Anna, Stéphane Betbeder, Christophe Bec, La boîte à bulles, 2021

Oscar est un artiste sulfureux mais aussi un manipulateur. Entouré de sa bande de souffre-douleurs : Antoine l'ami (?) jaloux, Barbara sa petite amie qu'il rabroue sans cesse et dont Antoine est amoureux, Hervé qui va toujours dans le sens du leader et Mathilde, la souffre-douleur préférée, celle sur qui Oscar aime se passer les nerfs. Il y a aussi Anna, la voisine qu'Oscar a aimé et laissé tomber mais qui ne compte pas abandonner facilement.

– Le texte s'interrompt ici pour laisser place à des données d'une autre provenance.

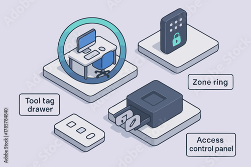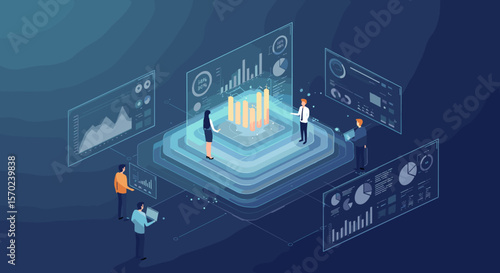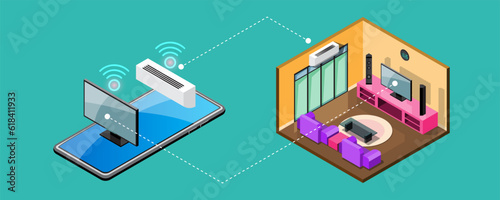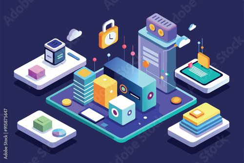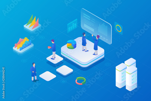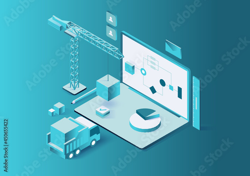 Промышленные роботы, плоская векторная изометрическая иллюстрация. Автоматизированная производственная линия, милые роботы, компьютер. Автоматизация производства и робототехнические технологии.
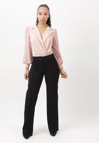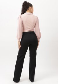 Frau steht vor weißem Hintergrund in rosa Bluse mit langen Ärmeln und aufgebauschten Schultern sowie schwarzer, hoch taillierter Hose.

Bande dessinée en noir et blanc très particulière à tous niveaux. D'abord l'encrage qui, très noir, laisse parfois davantage deviner les silhouettes que reconnaître les personnages à leurs traits. C'est un parti pris audacieux qui peut rebuter notamment dans les premières pages mais qui au fur et à mesure participe à la tension et à l'ambiance glauque de l'histoire. Ensuite justement, cette histoire de manipulation sur fond de rapports de domination, d'humiliation. Perversité et sadisme dans le monde de l'art contemporain. Qui pose évidemment la question des limites de l'art, jusqu'où l'artiste peut-il aller ? Doit-il respecter certaines limites liées aux us, aux tabous ? C'est une bande dessinée qui met mal à l'aise, un thriller psychologique entre des personnages qui aiment se détester et qui ne peuvent pas vivre sans cela. Dérangeant et perturbant, donc à lire forcément ; à réserver aux adultes.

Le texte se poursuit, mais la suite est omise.